Thomas Viehmann, tv@lernapparat.de Modelled after GPFlow Regression notebook by James Hensman


In [10]:
from matplotlib import pyplot
%matplotlib inline
import IPython
import torch
import numpy
import sys, os
sys.path.append(os.path.join(os.getcwd(),'..'))

pyplot.style.use('ggplot')

In [11]:
import candlegp
import candlegp.training.hmc

Let's have a regression example


In [12]:
N = 12
X = torch.rand(N,1).double()
Y = (torch.sin(12*X) + 0.6*torch.cos(25*X) + torch.randn(N,1).double()*0.1+3.0).squeeze(1)
pyplot.figure()
pyplot.plot(X.numpy(), Y.numpy(), 'kx', mew=2)


Out[12]:
[<matplotlib.lines.Line2D at 0x7f980d3c1750>]

Creating the model

Not adapted to the data yet...


In [19]:
k = candlegp.kernels.Matern52(1, lengthscales=torch.tensor([0.3], dtype=torch.double),
                              variance=torch.tensor([1.0], dtype=torch.double))
mean = candlegp.mean_functions.Linear(torch.tensor([1], dtype=torch.double), torch.tensor([0], dtype=torch.double))
m = candlegp.models.GPR(X, Y.unsqueeze(1), kern=k, mean_function=mean)
m.likelihood.variance.set(torch.tensor([0.01], dtype=torch.double))
m


Out[19]:
Model GPR
  • mean_function: Linear
  • kern: Matern52
  • likelihood: Gaussian
ParameterValuePriorParamType
mean_function.A[[1.]]NoneParam
mean_function.b[0.]NoneParam
kern.variance[1.]NonePositiveParam
kern.lengthscales[0.3]NonePositiveParam
likelihood.variance[0.01]NonePositiveParam

In [20]:
xstar = torch.linspace(0,1,100).double()
mu, var = m.predict_y(xstar.unsqueeze(1))
cred_size = (var**0.5*2).squeeze(1)

mu = mu.squeeze(1)
pyplot.plot(xstar.numpy(),mu.data.numpy(),'b')
pyplot.fill_between(xstar.numpy(),mu.data.numpy()+cred_size.data.numpy(), mu.data.numpy()-cred_size.data.numpy(),facecolor='0.75')
pyplot.plot(X.numpy(), Y.numpy(), 'kx', mew=2)


Out[20]:
[<matplotlib.lines.Line2D at 0x7f980d287a10>]

Maximum-A-Posteriori

One commonly used approach to model selection is to maximize the marginal log likelihood.

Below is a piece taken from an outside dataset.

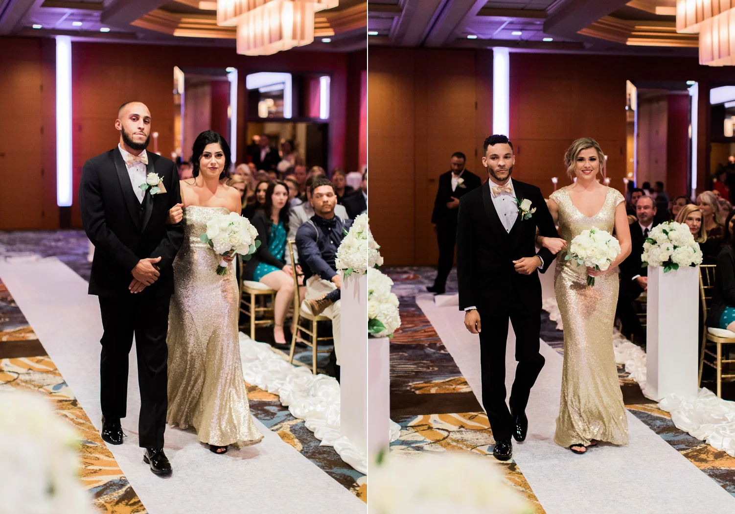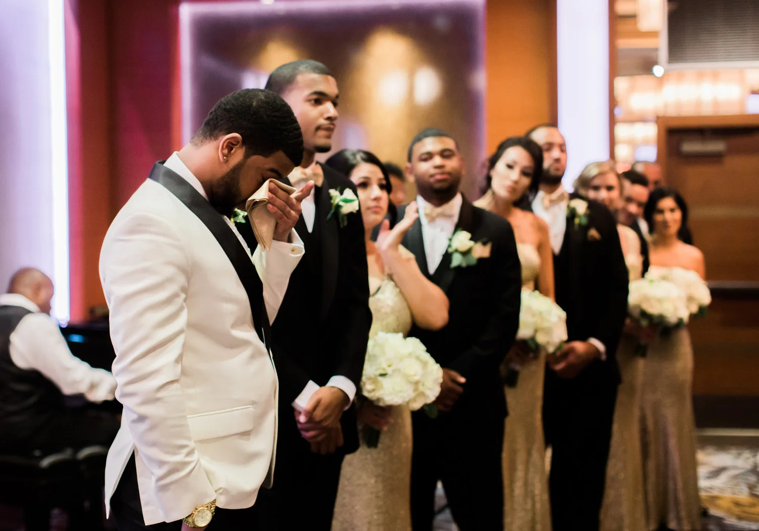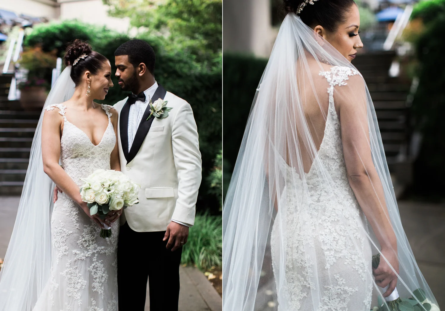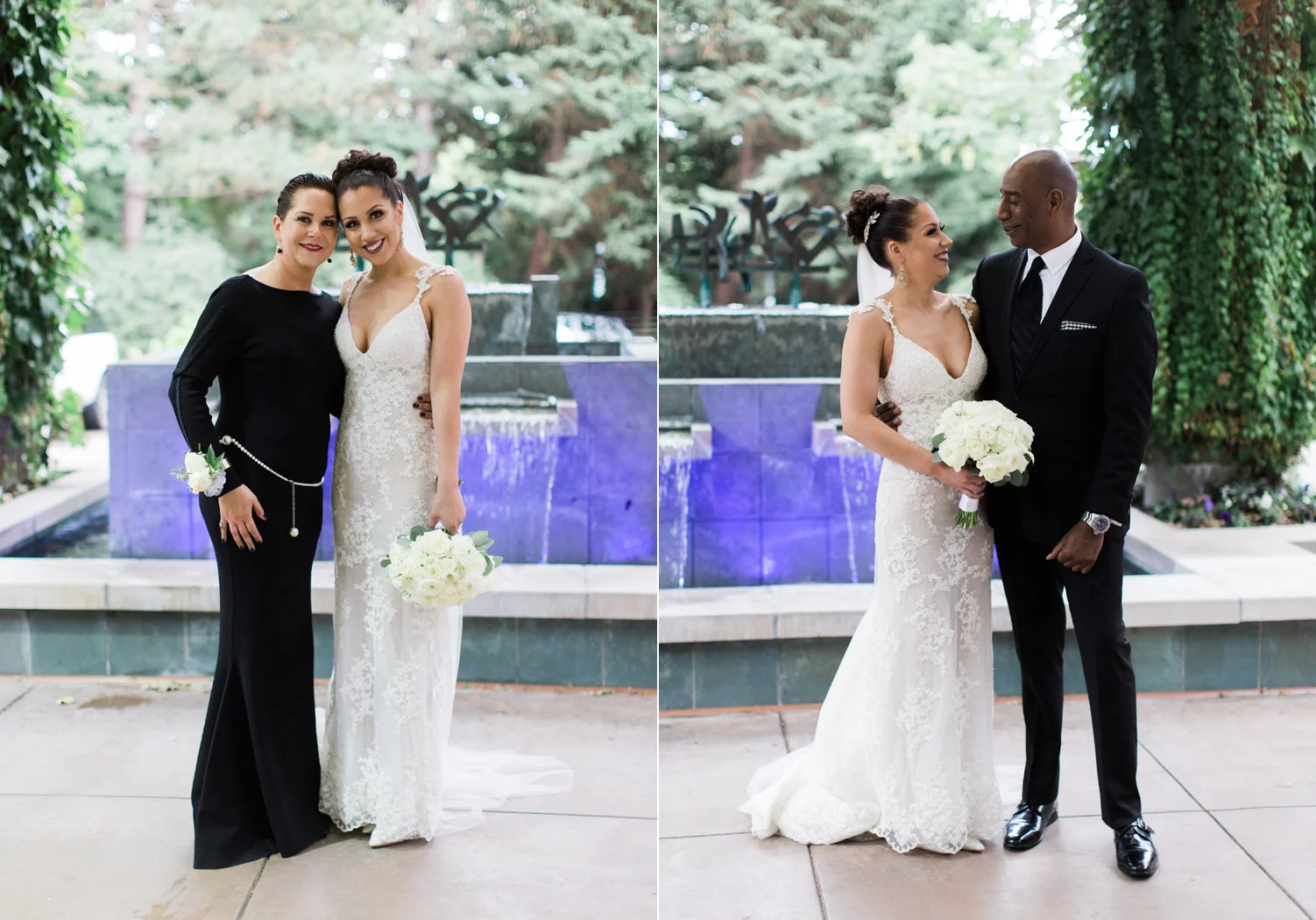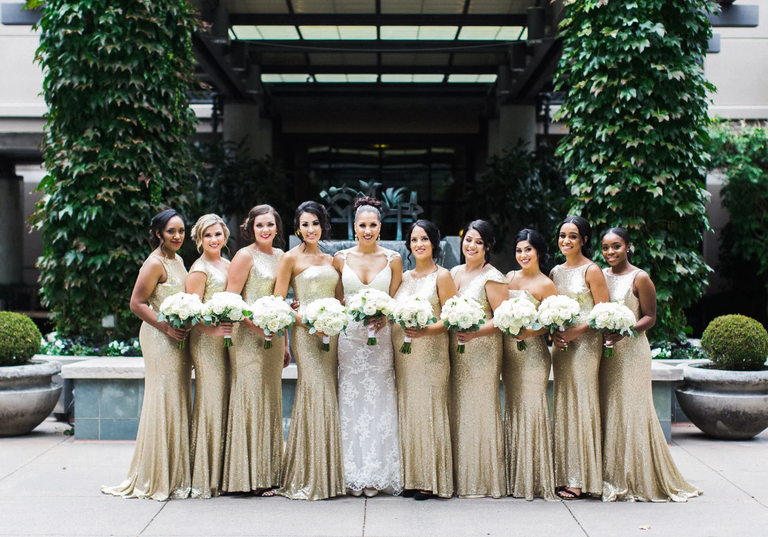 There are elegant weddings and then there are masterfully planned and completely stunning black tie affairs that are memorable beyond all belief. I am so happy to have been Taylor & Ja’Juan’s wedding photographer! When I first met with Taylor she told me of her vision to have a black and gold wedding, very refined, simple but very classic. Her vision came to life in stunning fashion at their wedding held at The Bellevue Club in Bellevue, WA. Taylor’s beautiful lace dress was a perfect compliment to her groom’s creme jacket, along with gold bow ties on all the groomsmen to match the bridesmaids’ dresses. Everything throughout the entire wedding day was so beautiful.

This is the "gp" equivalent of a maximum-likelihood estimate.


In [21]:
opt = torch.optim.LBFGS(m.parameters(), lr=1e-2, max_iter=40)
def eval_model():
    obj = m()
    opt.zero_grad()
    obj.backward()
    return obj

for i in range(50):
    obj = m()
    opt.zero_grad()
    obj.backward()
    opt.step(eval_model)
    if i%5==0:
        print(i,':',obj.item())
m


0 : 37.44138372573719
5 : 7.5857069647482565
10 : 6.650935910168812
15 : 6.619075539256768
20 : 6.6145839888125275
25 : 6.614004695780689
30 : 6.613928909529414
35 : 6.613918778320371
40 : 6.613917663627206
45 : 6.613917591721911
Out[21]:
Model GPR
  • mean_function: Linear
  • kern: Matern52
  • likelihood: Gaussian
ParameterValuePriorParamType
mean_function.A[[-1.26990141]]NoneParam
mean_function.b[3.49111625]NoneParam
kern.variance[0.26755383]NonePositiveParam
kern.lengthscales[0.03386912]NonePositiveParam
likelihood.variance[8.18978548e-09]NonePositiveParam

In [22]:
xstar = torch.linspace(0,1,100).double()
mu, var = m.predict_y(xstar.unsqueeze(1))
cred_size = (var**0.5*2).squeeze(1)

mu = mu.squeeze(1)
pyplot.plot(xstar.numpy(),mu.data.numpy(),'b')
pyplot.fill_between(xstar.numpy(),mu.data.numpy()+cred_size.data.numpy(), mu.data.numpy()-cred_size.data.numpy(),facecolor='0.75')
pyplot.plot(X.numpy(), Y.numpy(), 'kx', mew=2)


Out[22]:
[<matplotlib.lines.Line2D at 0x7f980d276a90>]

Hamiltonian Monte Carlo

We can go more Bayesian by putting a prior on the parameters and do Hamiltonian Monte Carlo to draw parameters.


In [11]:
k2 = candlegp.kernels.RBF(1, lengthscales=torch.tensor([0.3], dtype=torch.double),
                              variance=torch.tensor([1.0], dtype=torch.double))
mean2 = candlegp.mean_functions.Linear(torch.tensor([1], dtype=torch.double), torch.tensor([0], dtype=torch.double))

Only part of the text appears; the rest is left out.